--- WHAT IS REQUIRED ---
Set down the data below exactly; pictures stay out.

--- THE DATA ---
== Segment start ==

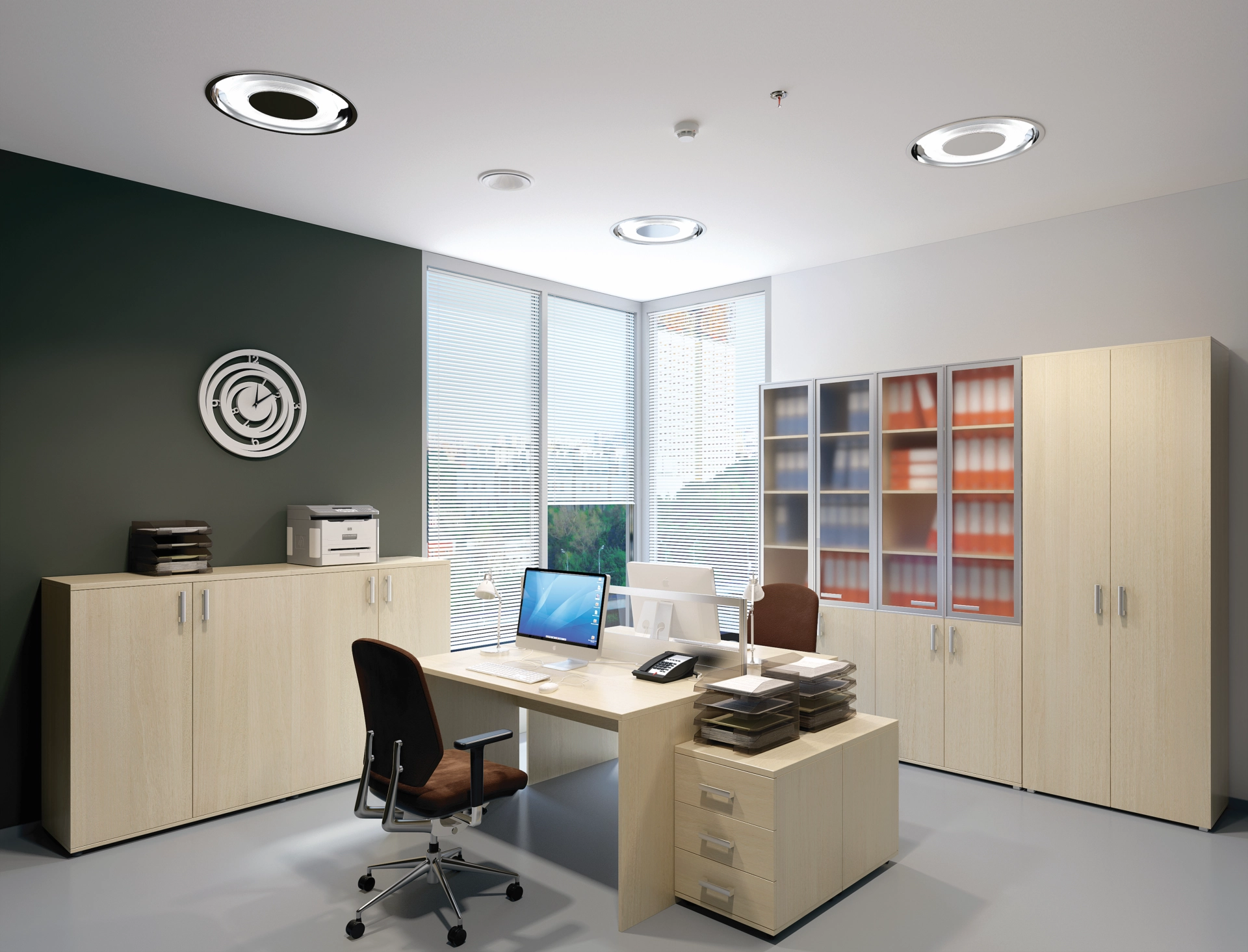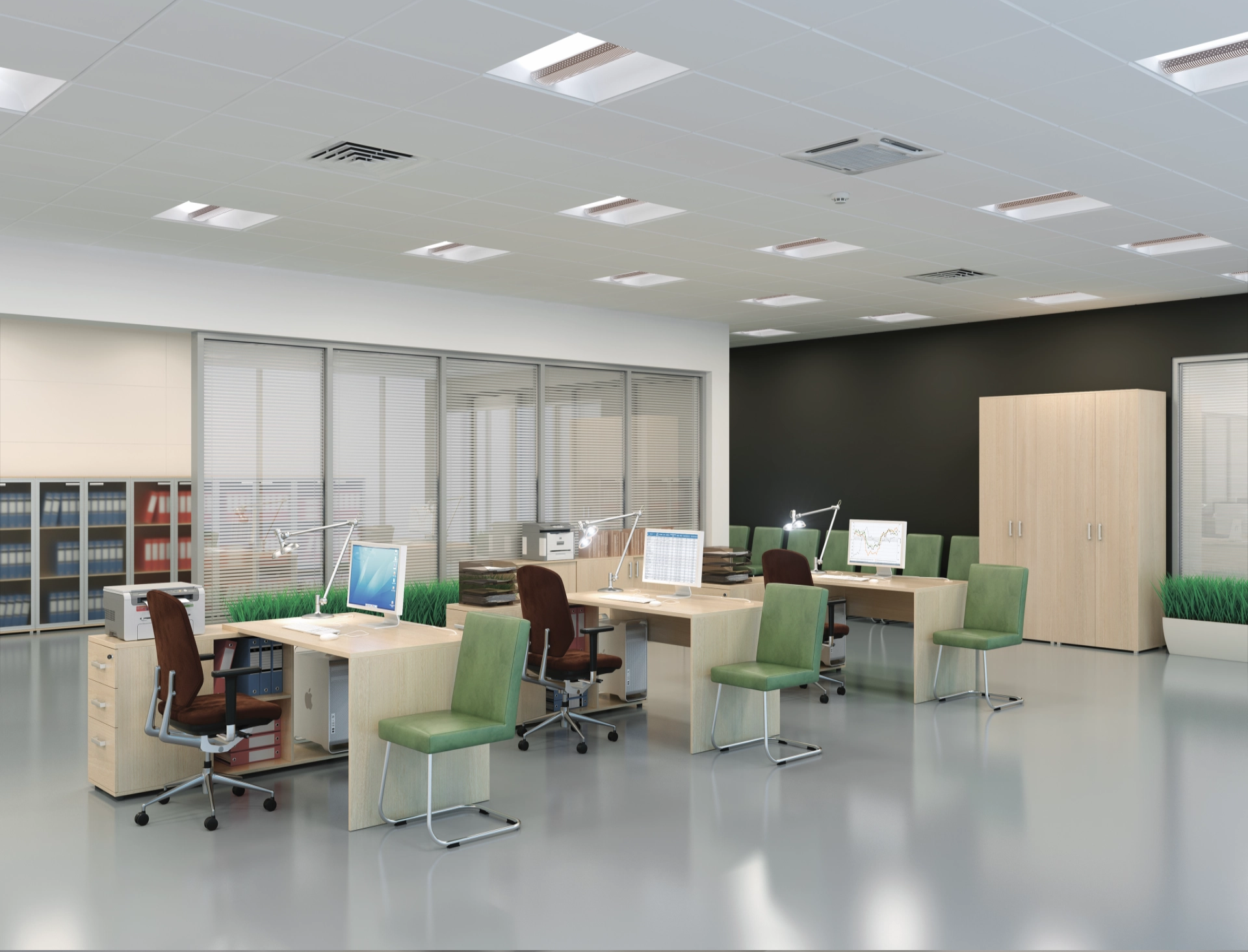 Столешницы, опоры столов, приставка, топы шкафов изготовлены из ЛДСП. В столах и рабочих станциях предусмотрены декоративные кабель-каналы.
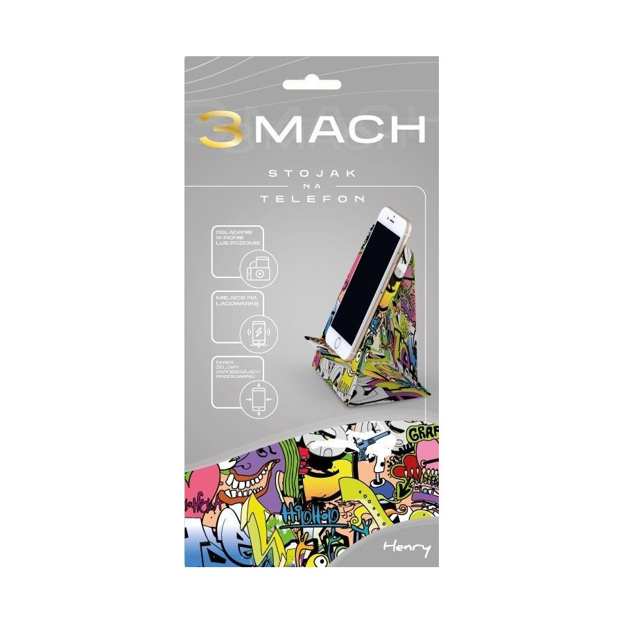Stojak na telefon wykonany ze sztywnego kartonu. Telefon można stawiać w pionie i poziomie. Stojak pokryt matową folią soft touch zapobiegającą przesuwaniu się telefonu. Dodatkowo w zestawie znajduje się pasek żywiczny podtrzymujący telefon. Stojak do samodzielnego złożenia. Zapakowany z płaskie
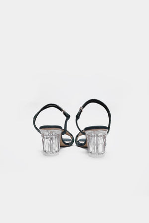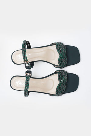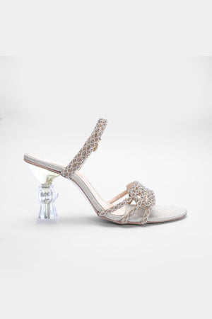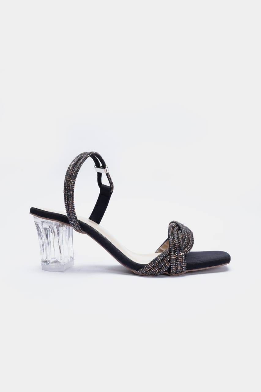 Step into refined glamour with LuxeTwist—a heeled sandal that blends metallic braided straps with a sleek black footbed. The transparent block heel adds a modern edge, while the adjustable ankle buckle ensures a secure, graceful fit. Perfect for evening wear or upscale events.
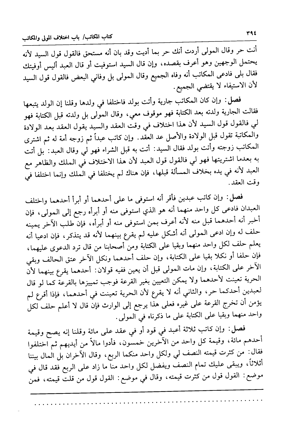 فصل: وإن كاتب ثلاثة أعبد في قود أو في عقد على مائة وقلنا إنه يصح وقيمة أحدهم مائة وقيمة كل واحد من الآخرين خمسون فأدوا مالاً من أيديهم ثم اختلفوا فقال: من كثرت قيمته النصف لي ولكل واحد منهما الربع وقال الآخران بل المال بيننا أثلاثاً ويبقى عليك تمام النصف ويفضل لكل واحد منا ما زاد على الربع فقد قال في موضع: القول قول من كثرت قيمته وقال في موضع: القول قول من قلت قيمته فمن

== Segment end ==

--- EXERCISE SOLUTION ---
 Столешницы, опоры столов, приставка, топы шкафов изготовлены из ЛДСП. В столах и рабочих станциях предусмотрены декоративные кабель-каналы.
Stojak na telefon wykonany ze sztywnego kartonu. Telefon można stawiać w pionie i poziomie. Stojak pokryt matową folią soft touch zapobiegającą przesuwaniu się telefonu. Dodatkowo w zestawie znajduje się pasek żywiczny podtrzymujący telefon. Stojak do samodzielnego złożenia. Zapakowany z płaskie
 Step into refined glamour with LuxeTwist—a heeled sandal that blends metallic braided straps with a sleek black footbed. The transparent block heel adds a modern edge, while the adjustable ankle buckle ensures a secure, graceful fit. Perfect for evening wear or upscale events.
 فصل: وإن كاتب ثلاثة أعبد في قود أو في عقد على مائة وقلنا إنه يصح وقيمة أحدهم مائة وقيمة كل واحد من الآخرين خمسون فأدوا مالاً من أيديهم ثم اختلفوا فقال: من كثرت قيمته النصف لي ولكل واحد منهما الربع وقال الآخران بل المال بيننا أثلاثاً ويبقى عليك تمام النصف ويفضل لكل واحد منا ما زاد على الربع فقد قال في موضع: القول قول من كثرت قيمته وقال في موضع: القول قول من قلت قيمته فمن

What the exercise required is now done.